Supplied material: Begin

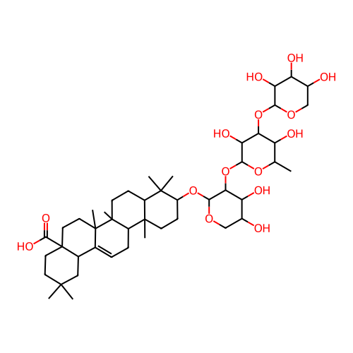 InChI=1S/C46H74O15/c1-22-30(49)35(60-37-33(52)31(50)25(47)20-56-37)34(53)38(58-22)61-36-32(51)26(48)21-57-39(36)59-29-12-13-43(6)27(42(29,4)5)11-14-45(8)28(43)10-9-23-24-19-41(2,3)15-17-46(24,40(54)55)18-16-44(23,45)7/h9,22,24-39,47-53H,10-21H2,1-8H3,(H,54,55)/t22-,24-,25-,26-,27-,28+,29-,30-,31-,32-,33+,34+,35+,36+,37-,38-,39-,43-,44+,45+,46-/m0/s1 |
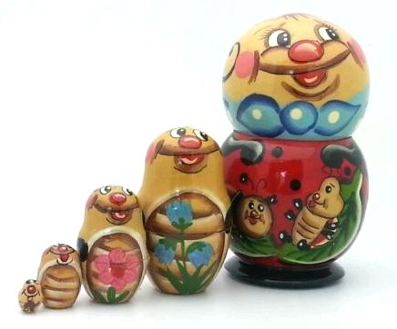 -. Feature : Ladybug Russian nesting doll, hand carved and hand painted by Russian artist. Signed. / Size: 3 1/2" Tall, 2" Diameter, set of 5 / Made in Russia from real wood. New condition from non-smoking home / Each item is hand painted and may have slight differences in details and collor. / Quick (1-2 day) handleing time. Shipping from Los Angeles, CA. Combine shipping: just $0.99 fro the next item
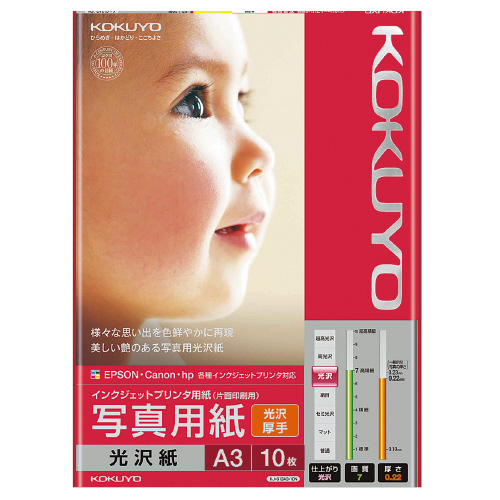 コクヨ インクジェットプリンタ用紙 写真用紙 光沢・厚手 A3 10枚 KJ−G13A3−10N
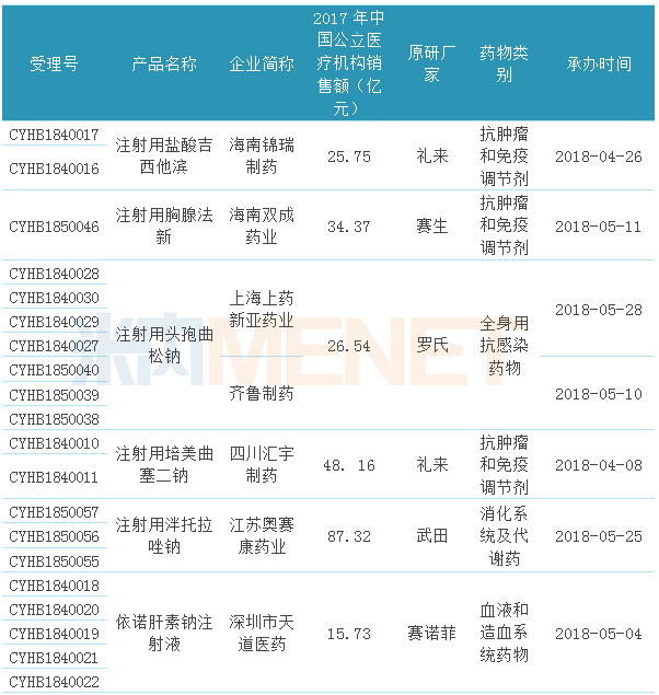 從治療類別看,14個品種中有5個為抗腫瘤和免疫調(diào)節(jié)劑,可見抗腫瘤領(lǐng)域是藥企們申報的重點,消化系統(tǒng)及代謝、神經(jīng)系統(tǒng)藥物、全身抗感染藥物均有2個產(chǎn)品;從產(chǎn)品的申報廠家看,齊魯制藥及子公司申報的產(chǎn)品最多;從申報的產(chǎn)品看,除了注射用頭孢曲松鈉有2家企業(yè)同時申報外,其他品種均只有1家企業(yè)申報;從產(chǎn)品的銷售額看,2017年在公立醫(yī)療機構(gòu)終端銷售額超過10億元的產(chǎn)品有11個(超過20億元的有8個),其中注射用泮托拉唑鈉接近90億元,注射用培美曲塞二鈉及多西他賽注射液接近50億元。

Supplied material: End

* _Directions for this task_: Each line above should be written out again unchanged; no images are to be carried over.

* _Solution_:
 InChI=1S/C46H74O15/c1-22-30(49)35(60-37-33(52)31(50)25(47)20-56-37)34(53)38(58-22)61-36-32(51)26(48)21-57-39(36)59-29-12-13-43(6)27(42(29,4)5)11-14-45(8)28(43)10-9-23-24-19-41(2,3)15-17-46(24,40(54)55)18-16-44(23,45)7/h9,22,24-39,47-53H,10-21H2,1-8H3,(H,54,55)/t22-,24-,25-,26-,27-,28+,29-,30-,31-,32-,33+,34+,35+,36+,37-,38-,39-,43-,44+,45+,46-/m0/s1 |
 -. Feature : Ladybug Russian nesting doll, hand carved and hand painted by Russian artist. Signed. / Size: 3 1/2" Tall, 2" Diameter, set of 5 / Made in Russia from real wood. New condition from non-smoking home / Each item is hand painted and may have slight differences in details and collor. / Quick (1-2 day) handleing time. Shipping from Los Angeles, CA. Combine shipping: just $0.99 fro the next item
 コクヨ インクジェットプリンタ用紙 写真用紙 光沢・厚手 A3 10枚 KJ−G13A3−10N
 從治療類別看,14個品種中有5個為抗腫瘤和免疫調(diào)節(jié)劑,可見抗腫瘤領(lǐng)域是藥企們申報的重點,消化系統(tǒng)及代謝、神經(jīng)系統(tǒng)藥物、全身抗感染藥物均有2個產(chǎn)品;從產(chǎn)品的申報廠家看,齊魯制藥及子公司申報的產(chǎn)品最多;從申報的產(chǎn)品看,除了注射用頭孢曲松鈉有2家企業(yè)同時申報外,其他品種均只有1家企業(yè)申報;從產(chǎn)品的銷售額看,2017年在公立醫(yī)療機構(gòu)終端銷售額超過10億元的產(chǎn)品有11個(超過20億元的有8個),其中注射用泮托拉唑鈉接近90億元,注射用培美曲塞二鈉及多西他賽注射液接近50億元。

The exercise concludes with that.